Financial predators are experts at developing an image of self-control, confidence, and authority to gain the trust of their clients. The Mesly model of financial predation relates to the functioning of the hypothalamus when perceived predation occurs. Limiting predatory behavior through market or regulatory forces can protect vulnerable clients and banking institutions.
Financial predators excel at getting others to trust them. They pretend to be exemplary citizens, act obediently, and appear to be knowledgeable and highly competent. The authors describe the Mesly model of financial predation and the link between perceived predation and trust. From a neurobiological point of view, the model is convincing. Trust, a form of attachment, is increased by the release of oxytocin. Financial predators seem to have a neurobiological ability to elicit unconditional trust from victims. Cooperation is hindered by stress; thus, financial predators do everything they can to put clients at ease. Efficient cooperation brings about a stronger relationship between the two parties, which increases the victim’s trust in the predator over time.
How Is This Research Useful to Practitioners?
The capitalist system tends to foster financial predators. Character traits that are valued by businesses—such as the capacity to think quickly, make nonemotional difficult decisions, and remain focused—can also allow financial predators to thrive at the expense of others. These financial predators can be categorized as functional psychopaths in many respects, and they have the ability to generate high levels of unconditional trust. They deal with conflict in a structured way and are careful not to exceed a certain level of conflict that could serve as a warning signal. They hide their true feelings and prefer to catch their victims by surprise.

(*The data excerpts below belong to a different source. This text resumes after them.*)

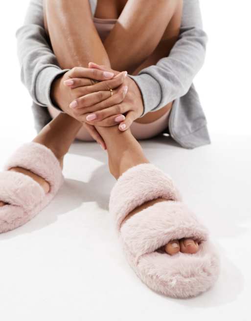 Lovestruck faux fur slider slippers in pink Very well made.
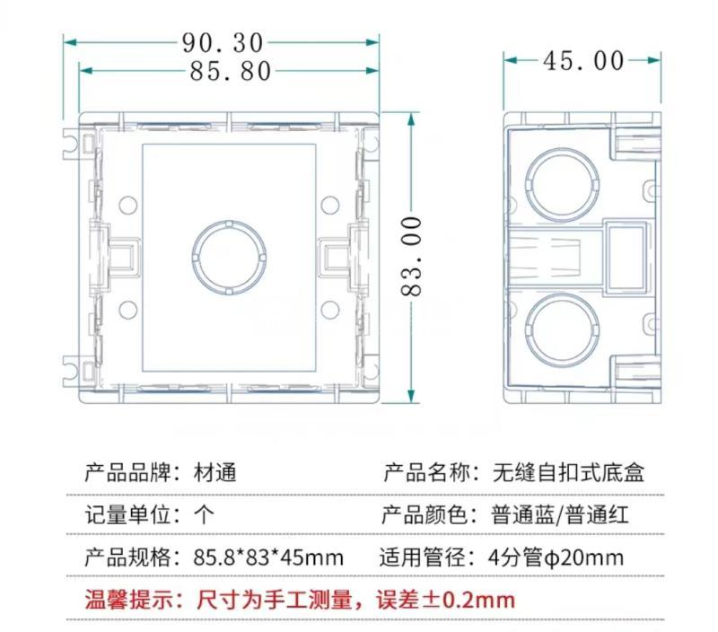 加厚型底盒,无缝自扣式设计,施工操作便捷,多个底盒拼接平整,安装开关插座面板缝隙均匀紧致,美观大气;底盒结构牢固不易变形,能有效阻挡水泥砂浆进入底盒;还研发了薄底盒用于降低剪力墙、天花板、柱子等开槽的破坏。
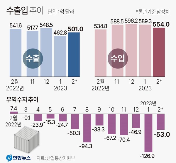 정부는 2월 경상수지는 무역적자가 1월(125억 달러)의 절반 이하로 줄었기 때문에 개선될 것으로 전망했다. 지난 1월 경상수지는 45억 달러 적자로 월간 기준 사상 최대 적자를 기록했다.
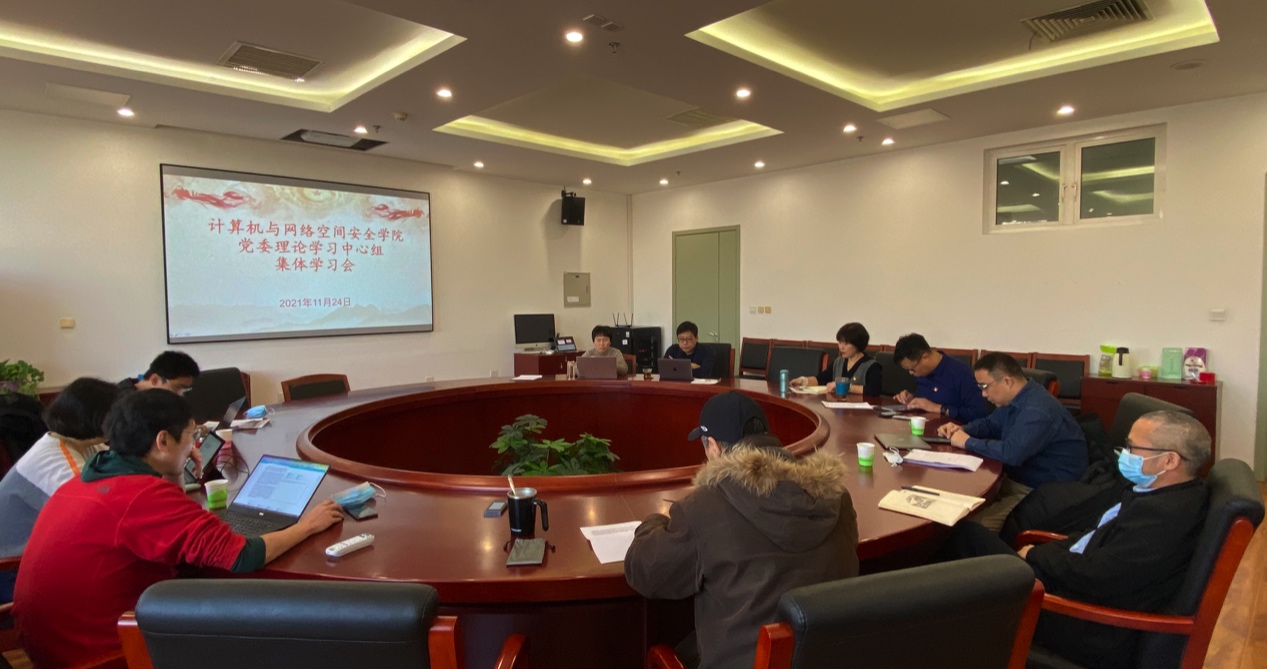 11月24日上午,计算机与网络空间安全学院党委理论学习中心组举行扩大会议,专题学习《中共中央关于党的百年奋斗重大成就和历史经验的决议》(以下简称《决议》)。会议由学院党委书记王淑娟主持,学院领导班子全体成员和系(中心)主任参加会议。

What allows a potential financial predator to become an active one is lax regulation or monitoring. Avoiding detection is a key strategy of financial predators, and once a predator has been detected, it is usually too late to escape sizable damage.
By being aware of the traits of financial predators, practitioners can establish relevant risk management policies and possibly prevent large losses in their own organizations.
How Did the Authors Conduct This Research?
The authors conduct a study to determine if a certain percentage of the population has the ability to become predators. They define a predatory profile as a person who is cold, calculative, sneaky, and selfish.
Working counterintuitively, the authors use a group of musicians whose work conditions are very different from those of typical financial advisers. Five groups of amateur chorus singers are chosen and presented with a questionnaire to self-report on their natures. Values from a previous study are added as a control group, cluster analysis is performed on personality type, and the model is tested for fit. The authors find that 8 out of the 191 people in their sample fit the predatory profile, and they make 13 observations. Although the model fit is poor, the value of estimators supports past research.
The authors note the limitations in their study. Their sample is not from the banking industry, and it may not be representative of larger populations. Additionally, self-reporting may include biases; participants might have known that the authors were testing for predation.
To further review their model’s accuracy, the authors investigate a real case involving a financial adviser.
Tightening regulation can help protect vulnerable clients and banking institutions, but in numerous cases, charming financial predators are tolerated within an organization as long as they bring in revenue. Although identification could prevent predation, in practice, these manipulative predators tend to be well-respected and can alter their behavior when they need to. They have a certain charisma that makes institutions want to bend the rules just for them.
Raising awareness of functional psychopathy may help limit the devastating impact of predators. In fact, it may be a good idea to encourage industry associations to make this subject required reading for continuing education requirements.